THE DATA ::
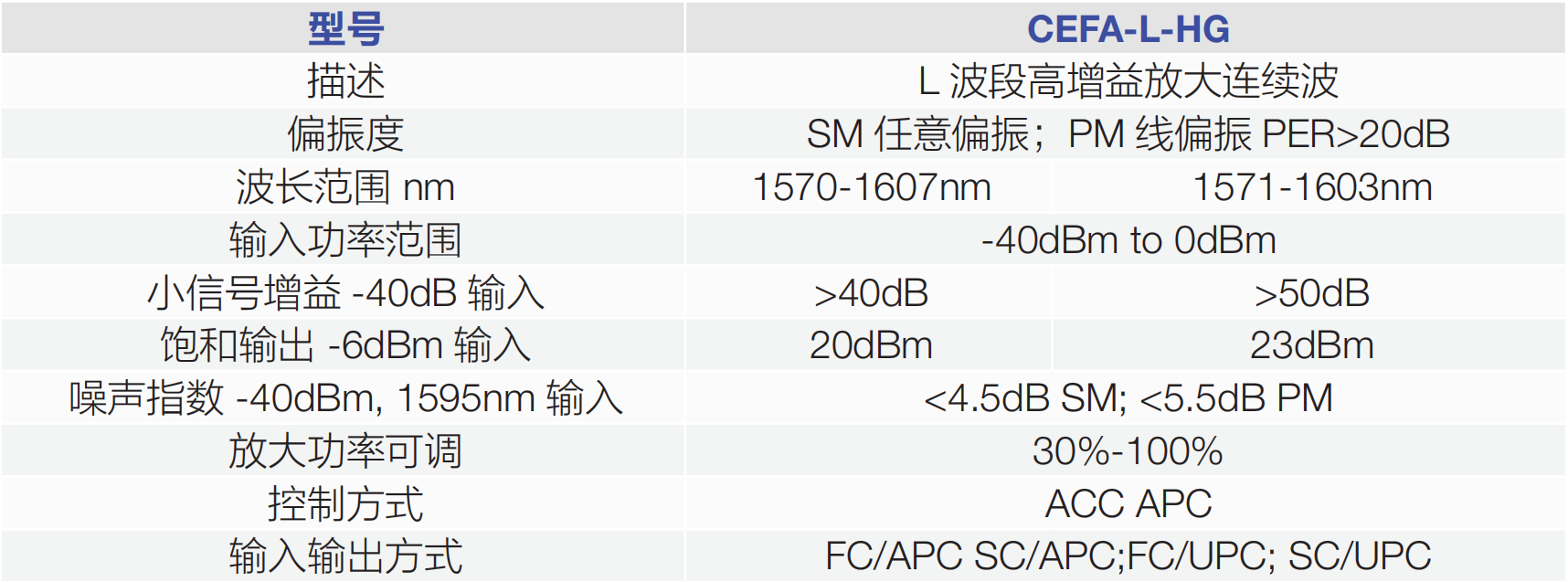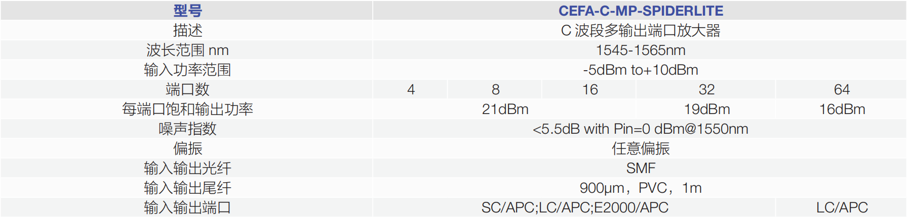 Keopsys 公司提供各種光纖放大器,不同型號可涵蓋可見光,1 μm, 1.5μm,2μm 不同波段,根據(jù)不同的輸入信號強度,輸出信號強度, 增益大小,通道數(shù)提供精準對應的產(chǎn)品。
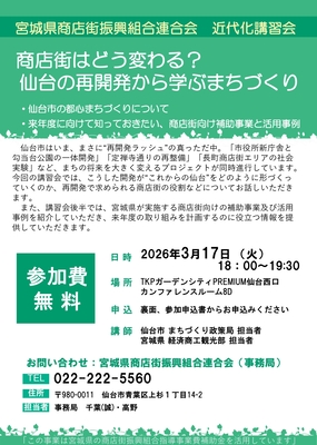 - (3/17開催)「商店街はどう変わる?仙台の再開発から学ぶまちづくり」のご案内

==

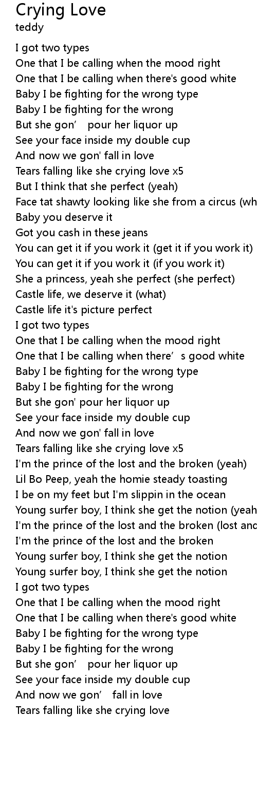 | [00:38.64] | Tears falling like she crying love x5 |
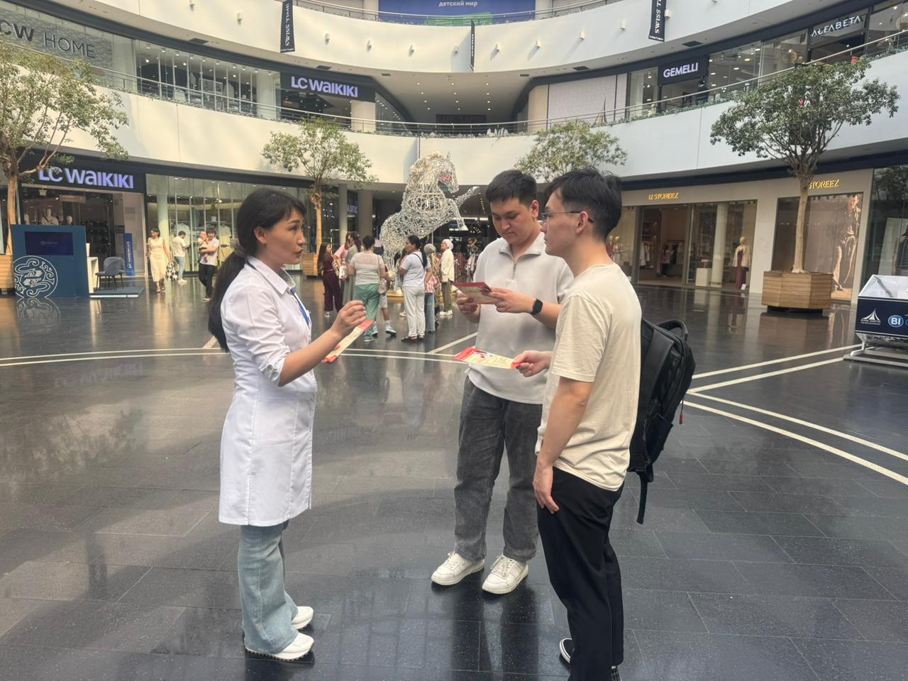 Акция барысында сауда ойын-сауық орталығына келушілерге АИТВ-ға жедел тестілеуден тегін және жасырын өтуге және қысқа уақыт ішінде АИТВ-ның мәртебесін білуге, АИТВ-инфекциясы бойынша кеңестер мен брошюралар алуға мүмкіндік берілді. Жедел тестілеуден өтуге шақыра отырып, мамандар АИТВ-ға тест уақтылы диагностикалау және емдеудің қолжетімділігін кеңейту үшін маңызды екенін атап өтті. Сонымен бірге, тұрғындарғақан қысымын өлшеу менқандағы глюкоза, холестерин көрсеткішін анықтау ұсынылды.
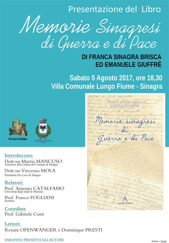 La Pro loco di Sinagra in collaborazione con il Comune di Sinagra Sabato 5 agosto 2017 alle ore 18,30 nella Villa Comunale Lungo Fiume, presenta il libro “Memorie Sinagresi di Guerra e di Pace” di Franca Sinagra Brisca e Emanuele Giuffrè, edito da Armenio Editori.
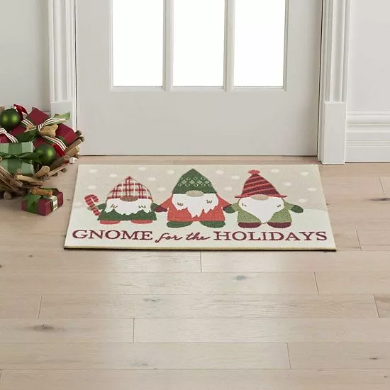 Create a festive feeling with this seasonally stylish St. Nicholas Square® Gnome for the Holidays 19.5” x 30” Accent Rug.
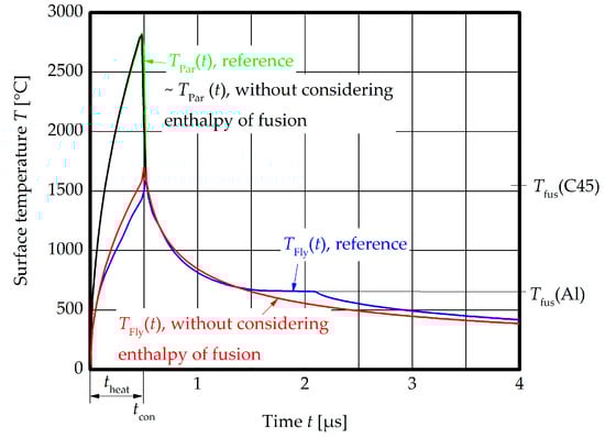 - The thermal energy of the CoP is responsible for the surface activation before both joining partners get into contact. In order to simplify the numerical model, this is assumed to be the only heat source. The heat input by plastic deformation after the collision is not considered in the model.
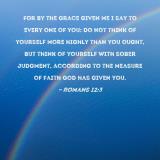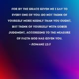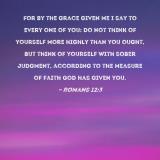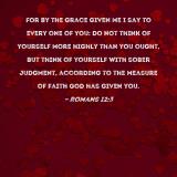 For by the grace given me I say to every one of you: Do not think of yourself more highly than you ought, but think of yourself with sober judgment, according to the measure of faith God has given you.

TASK OBJECTIVE ::
Return only the stretch above from the line containing "Акция барысында сауда" through the line containing "Create a festive", word for word and without pictures.

TASK OUTPUT ::
 Акция барысында сауда ойын-сауық орталығына келушілерге АИТВ-ға жедел тестілеуден тегін және жасырын өтуге және қысқа уақыт ішінде АИТВ-ның мәртебесін білуге, АИТВ-инфекциясы бойынша кеңестер мен брошюралар алуға мүмкіндік берілді. Жедел тестілеуден өтуге шақыра отырып, мамандар АИТВ-ға тест уақтылы диагностикалау және емдеудің қолжетімділігін кеңейту үшін маңызды екенін атап өтті. Сонымен бірге, тұрғындарғақан қысымын өлшеу менқандағы глюкоза, холестерин көрсеткішін анықтау ұсынылды.
 La Pro loco di Sinagra in collaborazione con il Comune di Sinagra Sabato 5 agosto 2017 alle ore 18,30 nella Villa Comunale Lungo Fiume, presenta il libro “Memorie Sinagresi di Guerra e di Pace” di Franca Sinagra Brisca e Emanuele Giuffrè, edito da Armenio Editori.
 Create a festive feeling with this seasonally stylish St. Nicholas Square® Gnome for the Holidays 19.5” x 30” Accent Rug.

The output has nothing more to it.